Biofilms are believed to be a source of chronic inflammation in non-healing wounds. PURPOSE: In this study, the pre-clinical anti-biofilm efficacy of several wound cleansers was examined using the Calgary minimum biofilm eradication concentration (MBEC) and ex vivo porcine dermal explant (PDE) models on Pseudomonas aeruginosa, methicillin-resistant Staphylococcus aureus (MRSA), and Candida albicans biofilms.
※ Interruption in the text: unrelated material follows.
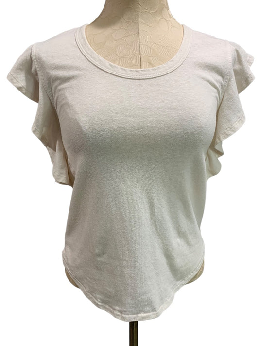 XS Loft Womens Off White Ruffle Sleeve Tshirt Top Scoop Neck

METHODS: A surfactant-based cleanser and antimicrobial-based cleansers containing ionic silver, hypochlorous acid (HOCl), sodium hypochlorite (NaOCl), and polyhexamethylene biguanide (PHMB) were tested on the MBEC model biofilms with a 10-minute application time. Select cleansers were then tested on the mature PDE biofilms with 10-minute applications followed by the application of cleanser-soaked gauze. The PDE model was further expanded to include single and daily applications of the cleansers to mimic daily and 72-hour dressing changes. RESULTS: In the MBEC model, PHMB- and HOCl-based cleansers reduced immature MRSA, C albicans, and P aeruginosa biofilm regrowth by > 3× when compared with silver, surfactant, and saline cleansers. The major differences could be elucidated in the PDE model in which, after daily application, 1 PHMB-based cleanser showed a statistically significant reduction (3-8 CFU/mL log reduction) in all mature biofilms tested, while a NaOCl-based cleanser showed significant reduction in 2 microorganisms (3-5 CFU/mL log reduction, P aeruginosa and MRSA).The other PHMB-based cleanser showed a statistically significant 3 log CFU/mL reduction in P aeruginosa. The remaining cleansers showed no statistically significant difference from the saline control. CONCLUSION: Results confirm that there are model-dependent differences in the outcomes of these studies, suggesting the importance of model selection for product screening. The results indicate that 1 PHMB-based cleanser was effective in reducing mature P aeruginosa, MRSA, and C albicans biofilms and that sustained antimicrobial presence was necessary to reduce or eliminate these mature biofilms.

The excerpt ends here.